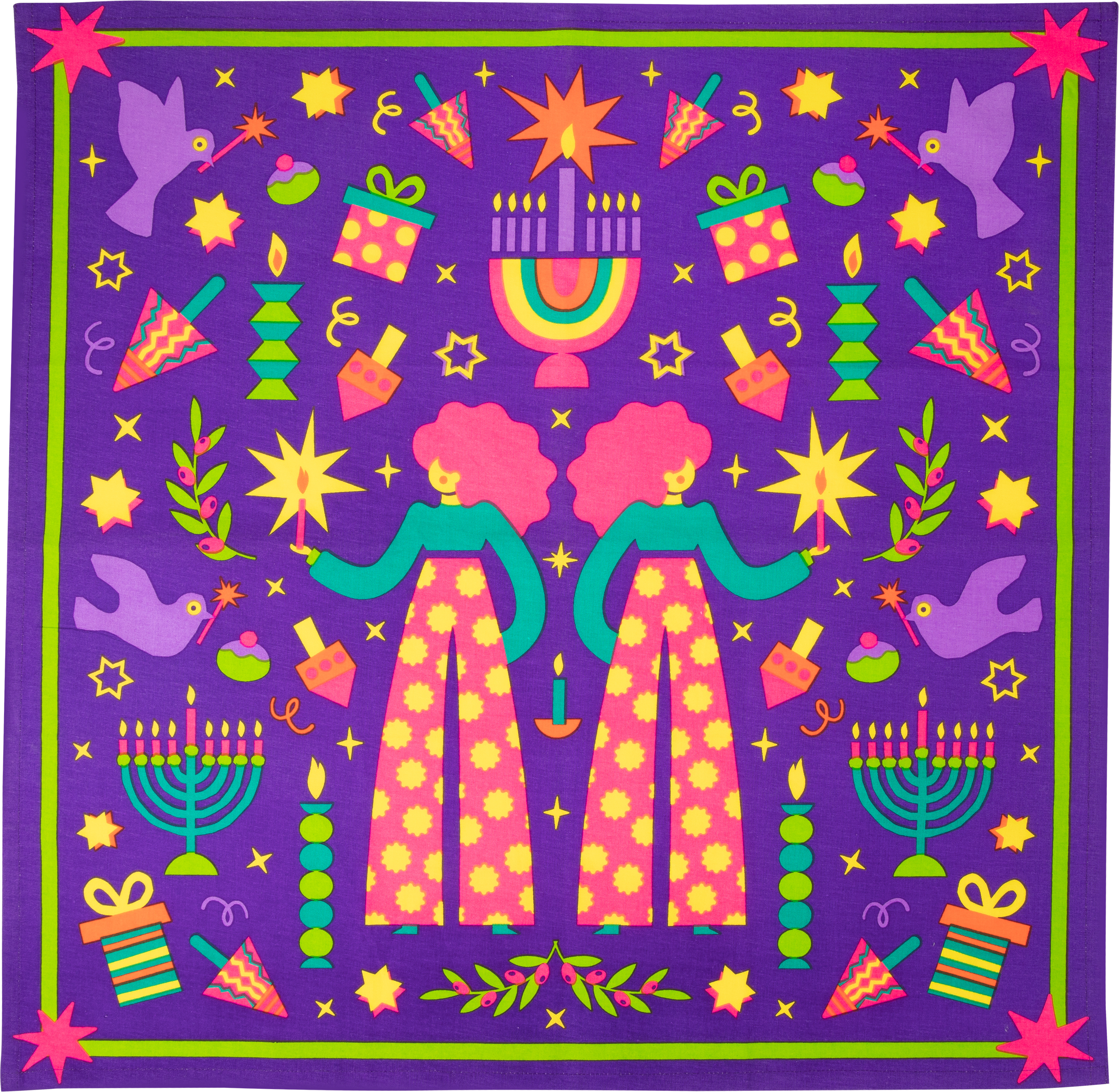 A kendő dizájnját a hanuka ünnepéhez fűződő kedves emlékeim ihlették, abból az időből, amikor a lányaim kicsik voltak. Imádtak segíteni meggyújtani a gyertyákat és kibontani az ajándékaikat minden este. A fény a remény jelképe, amely átvezet minket a sötétségen. Az otthonunk fényét és mindezt a meleg érzést akartam szimbolizálni, amit ajándékbontás közben mindig megéltem. Úgy érzem, a színek és illusztrációk felidézik ezt a melegséget, és hogy a dizájn minden eleme visszaadja a szívmelengető, ünnepi hangulatot.” – mesélte Cheryl Epstein, tervező, a Cherbear Creative tulajdonosa, aki autodidakta módon vált illusztrátorrá és mintatervezővé.
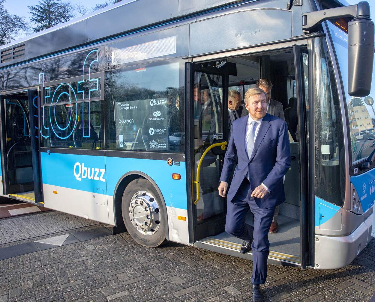Niet alleen in samenwerking, maar ook in duurzaamheid lopen ze voorop in Groningen en Drenthe. Het openbaar busvervoer in de provincies is vanaf december 2019 bijna geheel emissievrij dankzij de inzet van elektrische bussen en streekbussen op waterstof. De Koning maakte een ritje in een waterstofbus door het centrum van Assen en sprak met reizigers, OV-medewerkers en bestuurders over hun ervaringen. “Wat wij doen, bestaat nog nergens anders in Nederland”, aldus Jan Bos, directeur Publiek Vervoer.
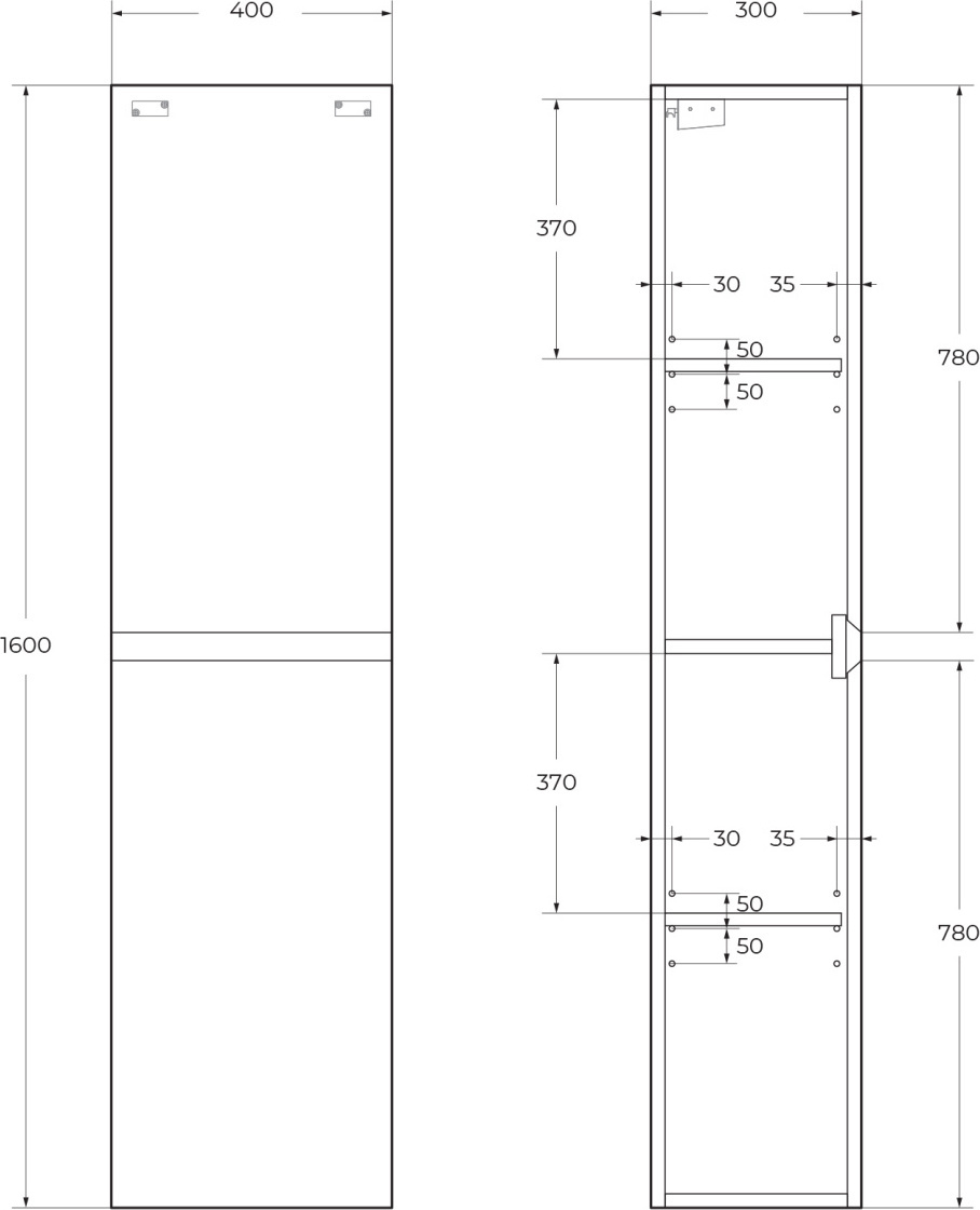 Пенал подвесной Cezares MOLVENO-1600-2A-SC-LB, размер 400x300x1600 мм, цвет legno bianco.

◆ ◆ ◆ ◆ ◆

→ Task details
Output the listing above exactly as it stands; no picture should appear.

→ Final answer
 A kendő dizájnját a hanuka ünnepéhez fűződő kedves emlékeim ihlették, abból az időből, amikor a lányaim kicsik voltak. Imádtak segíteni meggyújtani a gyertyákat és kibontani az ajándékaikat minden este. A fény a remény jelképe, amely átvezet minket a sötétségen. Az otthonunk fényét és mindezt a meleg érzést akartam szimbolizálni, amit ajándékbontás közben mindig megéltem. Úgy érzem, a színek és illusztrációk felidézik ezt a melegséget, és hogy a dizájn minden eleme visszaadja a szívmelengető, ünnepi hangulatot.” – mesélte Cheryl Epstein, tervező, a Cherbear Creative tulajdonosa, aki autodidakta módon vált illusztrátorrá és mintatervezővé.
Niet alleen in samenwerking, maar ook in duurzaamheid lopen ze voorop in Groningen en Drenthe. Het openbaar busvervoer in de provincies is vanaf december 2019 bijna geheel emissievrij dankzij de inzet van elektrische bussen en streekbussen op waterstof. De Koning maakte een ritje in een waterstofbus door het centrum van Assen en sprak met reizigers, OV-medewerkers en bestuurders over hun ervaringen. “Wat wij doen, bestaat nog nergens anders in Nederland”, aldus Jan Bos, directeur Publiek Vervoer.
 Пенал подвесной Cezares MOLVENO-1600-2A-SC-LB, размер 400x300x1600 мм, цвет legno bianco.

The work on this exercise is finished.